Penulis : M. Ja’far Mukhtar, M.Ag
Sebagaimana telah diterangkan sebelumnya bahwa hukum adzan adalah wajib, menurut pendapat yang lebih kuat. Namun bagaimanakah hukum adzan bagi musafir, juga iqomahnya?
Kata Imam Asy Syaukani, “Wajib setiap penduduk negeri mengangkat seorang muazin untuk mengumandangkan adzan sesuai lafazh yang disyariatkan. Adzan tersebut sebagai pertanda masuknya waktu shalat.
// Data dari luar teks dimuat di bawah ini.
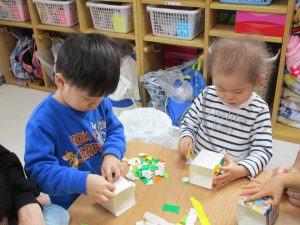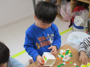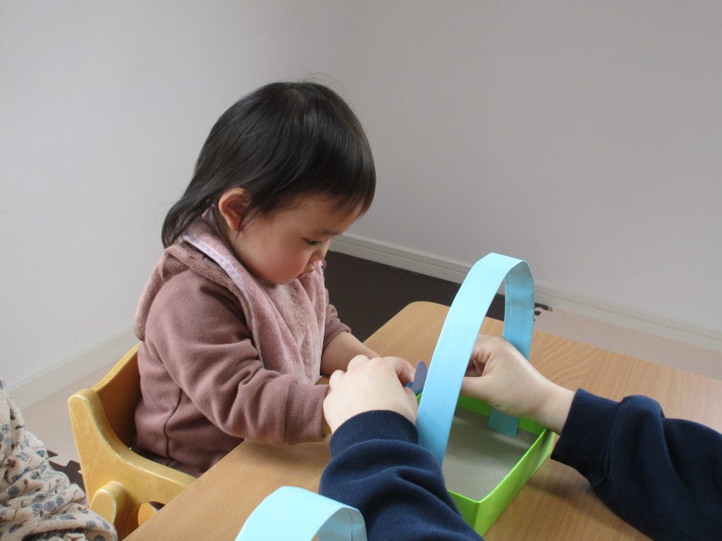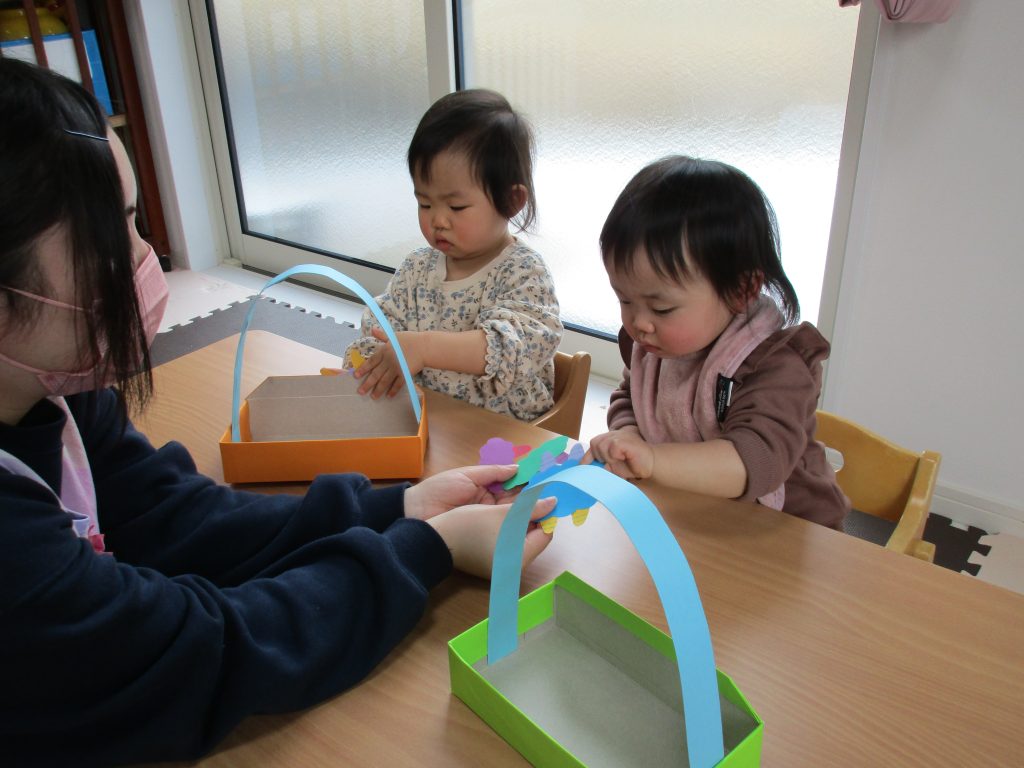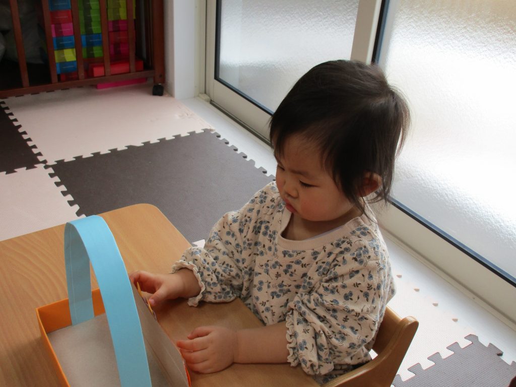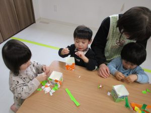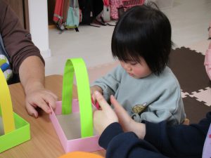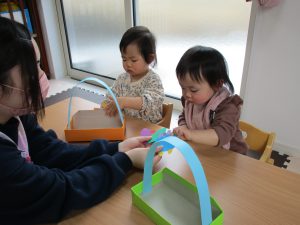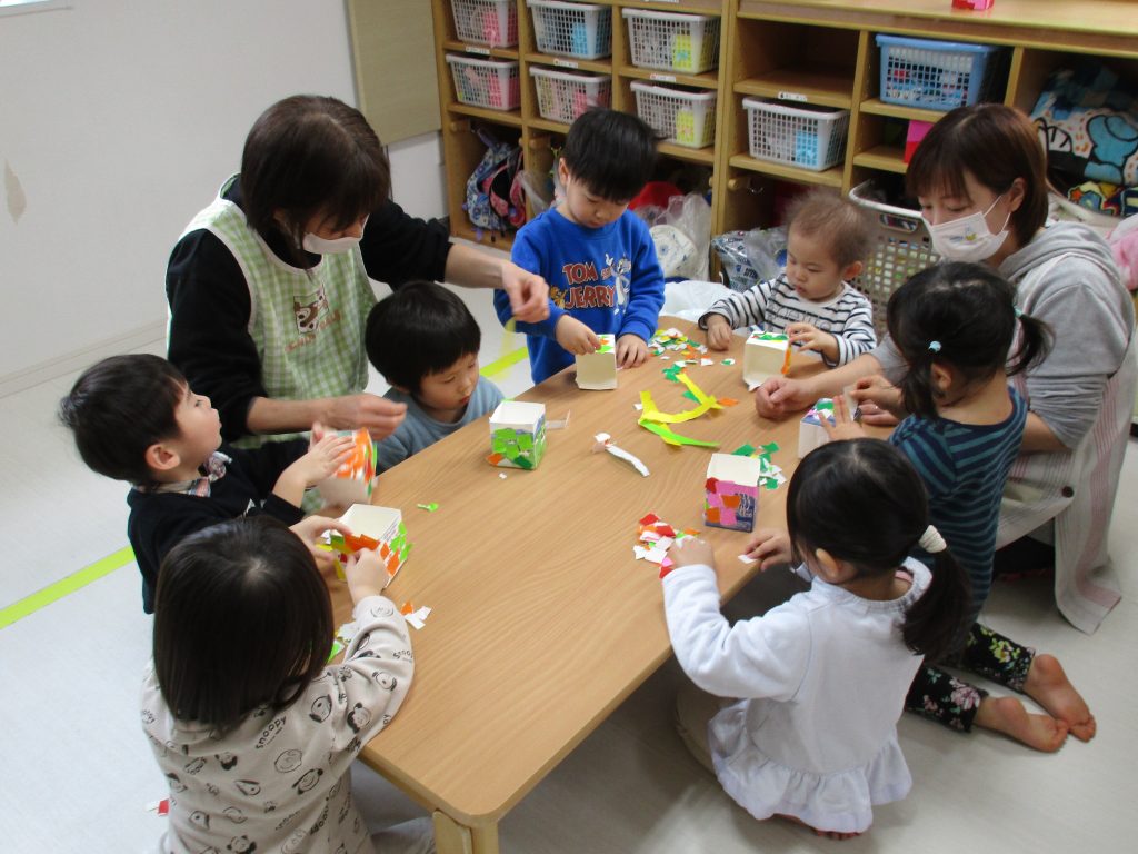 0歳児さんは節分に使う豆入れの製作をしました!!
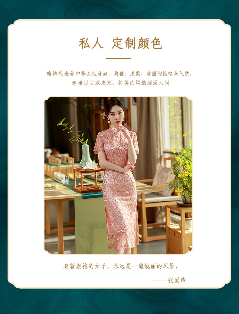 夏季新款,蕾丝绣花短袖立领走秀晚礼服性感旗袍ST- B2158
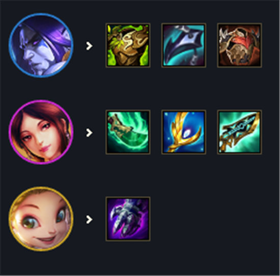 娜美:青龙刀,大天使,电刀/法爆/鬼书。塞拉斯:龙牙,反甲/板甲,狂徒。娑娜/熬兴/索尔:青龙刀,大天使,科技枪/法转。
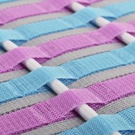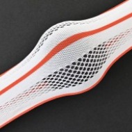 創新一體成型雙層針織帶,從 2D 平面轉變為 3D 立體織物結構。可呈現各種網孔組織、簡潔的收邊於同一針織帶。
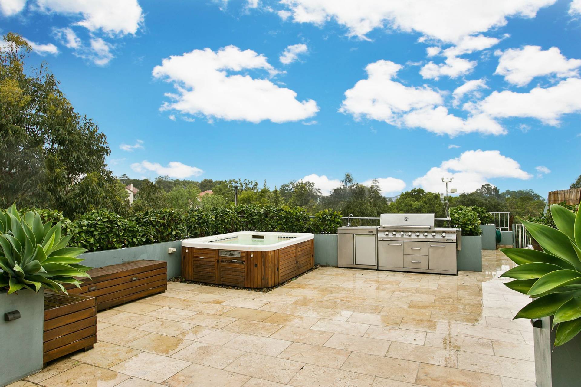 Exceptionally large roof top terrace with sun deck pergola, spa and
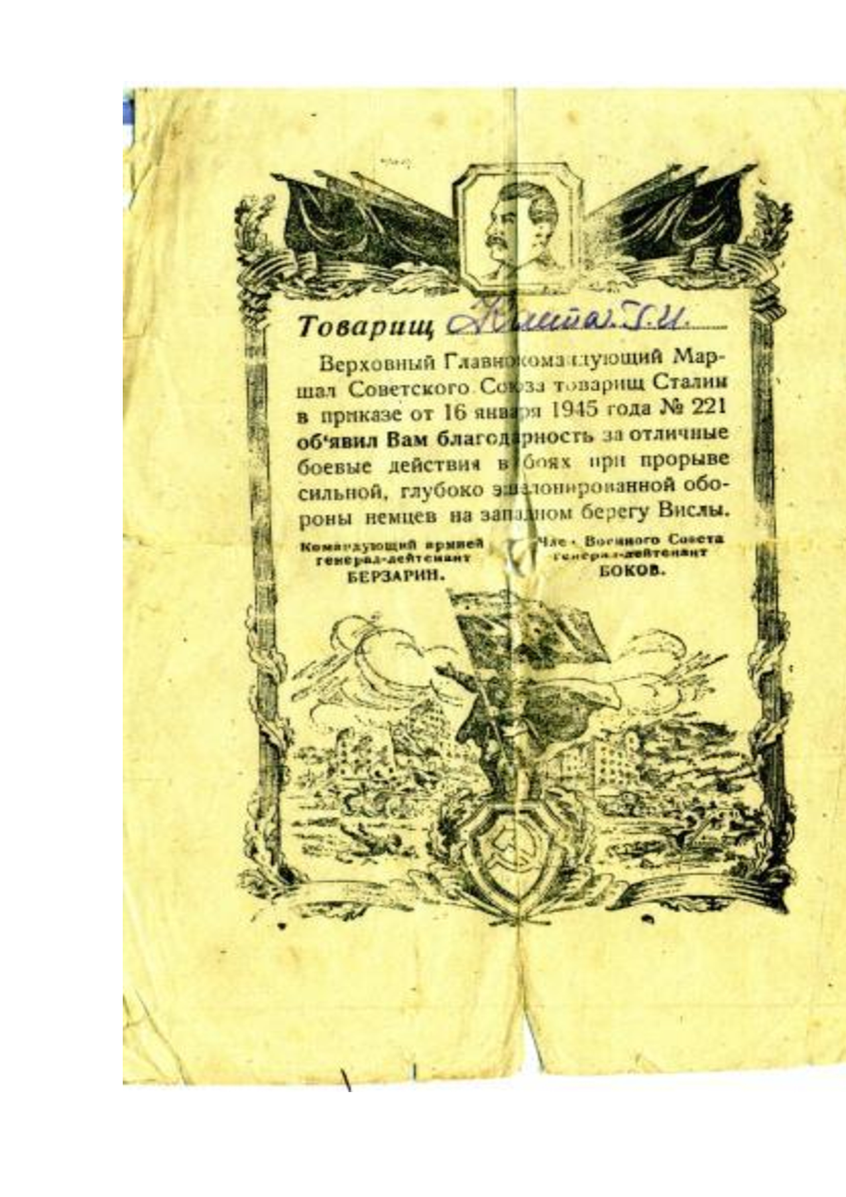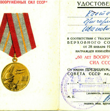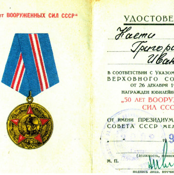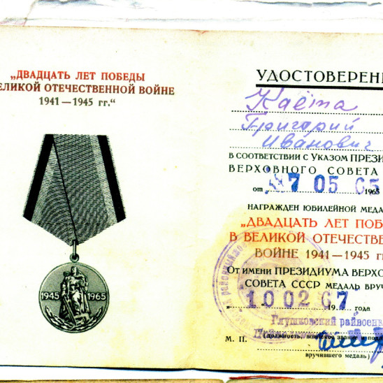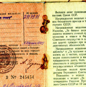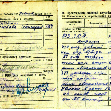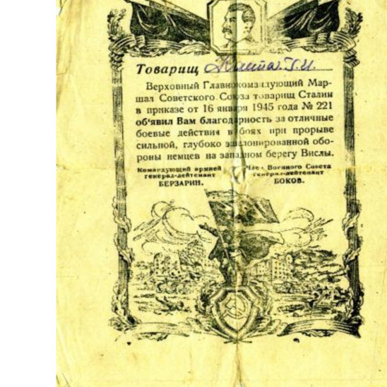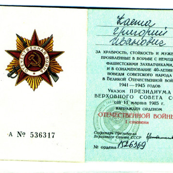 Боевой путь ветерана В составе РККА служил на Белорусском фронте с 1941 по 1945 гг. в звании Старшина роты автоматчиков. Стрелок. Занимался обеспечение роты продовольствием и боеприпасами. Со своей ротой победу встретил в городе Кенингсберг. За время войны был серьезно ранен в левую руку. Награды: Орден Отечественной войны I степени (№ записи 1521446383), Медали "За отвагу" (№ записи 45538466, 23969779, 1270217177), 20 лет победы в ВОВ 1941-1945г, 50 лет вооруженных Сил СССР, 60 лет вооруженных сил СССР, Медаль Жукова, За победу над Германией в ВОВ 1941-1945г..
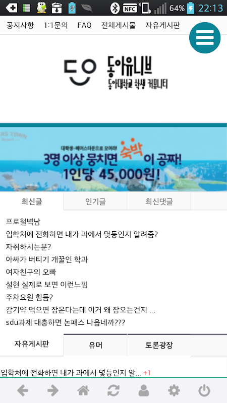 동아유니브는 기존 동아대학교 커뮤니티의 단점들을 보완하기위해 2015년 1월에 만들어진 커뮤니티입니다.

Tujuan adzan pula adalah sebagai tanda berpegang teguh dengan syari’at Islam. … Adapun untuk yang bukan ahlul balad (bukan penduduk negeri) seperti musafir atau orang yang menetap di padang sahara, maka ia mengumandangkan adzan untuk dirinya sendiri, begitu pula dengan iqomah. Namun jika berjama’ah, hendaklah salah satu mengumandangkan adzan dan iqomah.” (Ad Daroril Mudhiyyah, hal. 120).
Beberapa dalil berikut menunjukkan tetap adanya adzan saat safar. Imam Bukhari membawakan hadits-hadits berikut ketika membicarakan azan bagi musafir ketika mereka berjama’ah.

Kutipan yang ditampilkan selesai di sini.